Les Echos : Que pensez-vous des Aigles d’Alain Giresse ?

Claude Leroy : Alain Giresse a fait un super travail au Mali. On a découvert des joueurs au fur de la compétition. Cette équipe n’a fait que se bonifier comme Alain qui n’arrêtait pas de se bonifier. On l’a vu danser avec ses joueurs, lui qui était un peu introverti. L’Afrique l’a fait grandir, pas en centimètre parce qu’il ne peut plus grandir, mais mentalement. Il s’est ouvert. Il est devenu un homme de grande qualité. Et je pense que il n’a pas fini de progresser, de faire progresser son équipe.

Les Echos : Avant Ghana-Mali de la 3e place, Alain Giresse n’avait plus le cœur à la rencontre. N’est-ce pas ?

C. L. : C’est toujours le même problème. Quand on est entraîneur, c’est vrai que la déception est tellement énorme après les demi-finales qu’on se dit à quoi sert de disputer la 3e place. Alors, tout dépend du contexte. J’ai joué ce match de la 3e place en 2008 avec le Ghana à Kumasi contre la Côte d’Ivoire, ça aurait dû être l’affiche de la finale. Donc, tout le monde avait envie de le jouer et c’était un match exceptionnel. Mais tout dépend du contexte. On savait que les Maliens eux voulaient jouer. J’étais avec eux à l’hôtel pendant deux jours, je discutais avec Seydou Kéita, Cédric, avec tous les joueurs. Je vous dirais qu’ils voulaient gagner cette médaille de bronze.

Les Echos : On peut dire que le Ghana a été une déception ?

C. L. : Ce n’est pas une déception. Ils ont raté une demi-finale parce qu’ils ont raté un penalty d’entrée de jeu qui aurait changé complètement la face de cette demi-finale. Vous savez, ça s’est joué à peu de chose. Après, c’est tellement facile de porter des jugements sur tout le monde. Le Ghana peut faire un assez bon match dans la phase de poule, pas en maximum. Je pense que cette équipe collectivement, tactiquement a répondu, mais elle a raté de très peu la finale. Je pense qu’on retrouvera encore le Ghana à un très haut niveau dans les prochaines années, pendant un bon moment.

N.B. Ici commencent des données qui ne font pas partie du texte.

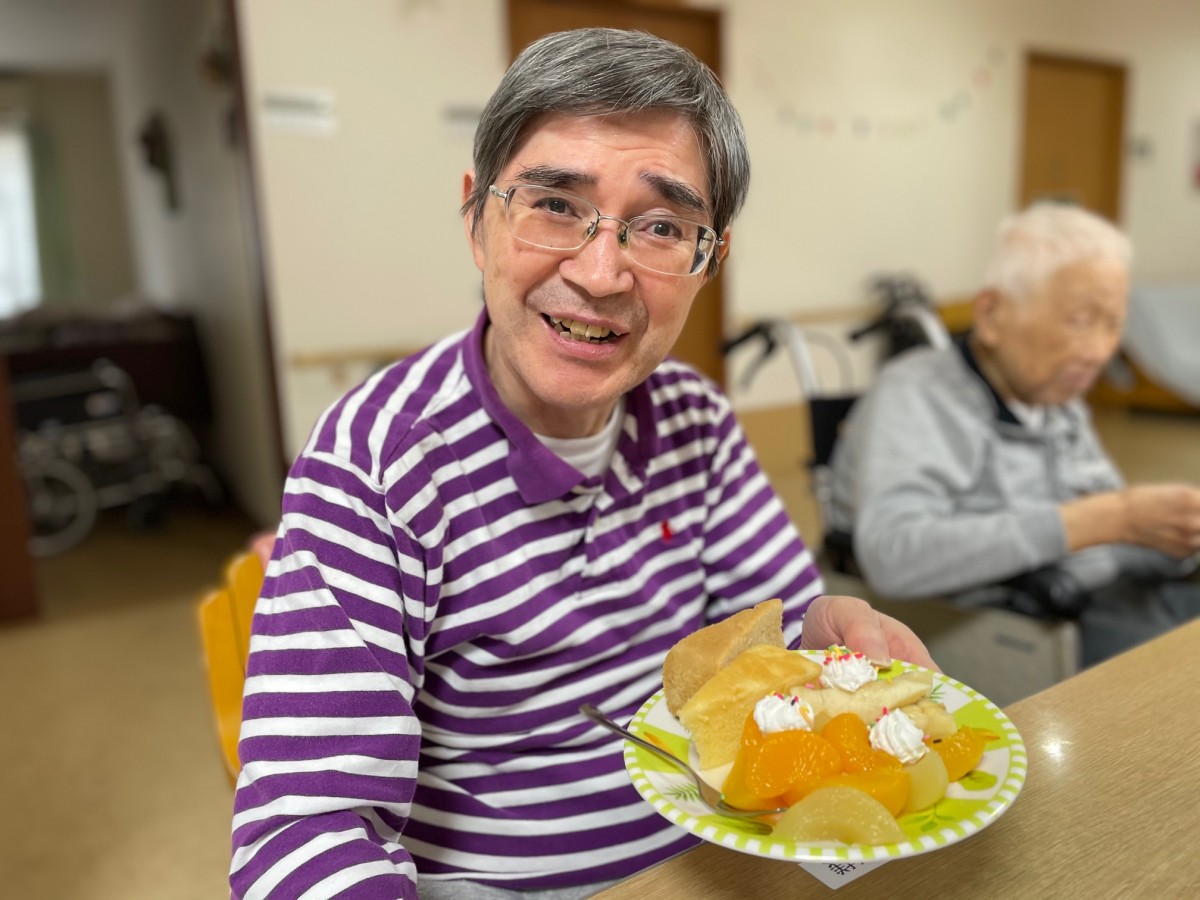 先日に行いました誕生日会で、手作りケーキを食べ大変喜んでくれました!その際のみなさんの満面の笑みです!!

Les Echos : Pouvez-vous nous faire une lecture globale de la Can ?

C. L : Pour l’instant, on a eu 31 matches et il y a eu aucun 0-0 déjà, ce qui n’est pas anecdotique. Ce qui veut dire qu’il y a eu des matches ouverts tout le temps. Ça été une Can rafraîchissante, on a fait beaucoup de découvertes, beaucoup de joueurs qui jouaient les championnats locaux qu’on ne connaissait pas. Même cette équipe du Mali avant cette compétition, des joueurs comme Gara Dembélé, qui est un grand de la sélection espoir en France, qui a fait un match énorme, athlétique alors que souvent on lui reprochait un peu de nonchalance.

Si Tamboura à ce qu’on connaissait par sa rigueur, par son intelligence, c’est que Cédric Kanté, sa qualité tactique et technique de Seydou Kéita. Mais, à côté de ça, Cheick Tidiane Diabaté a capitalisé la confiance, les Samba, Soumaïla le portier étaient très bons. Ceux qui sont entrés aujourd’hui dont Ousmane Coulibaly aussi étaient bons. Je pense que cette équipe a un bel avenir devant elle.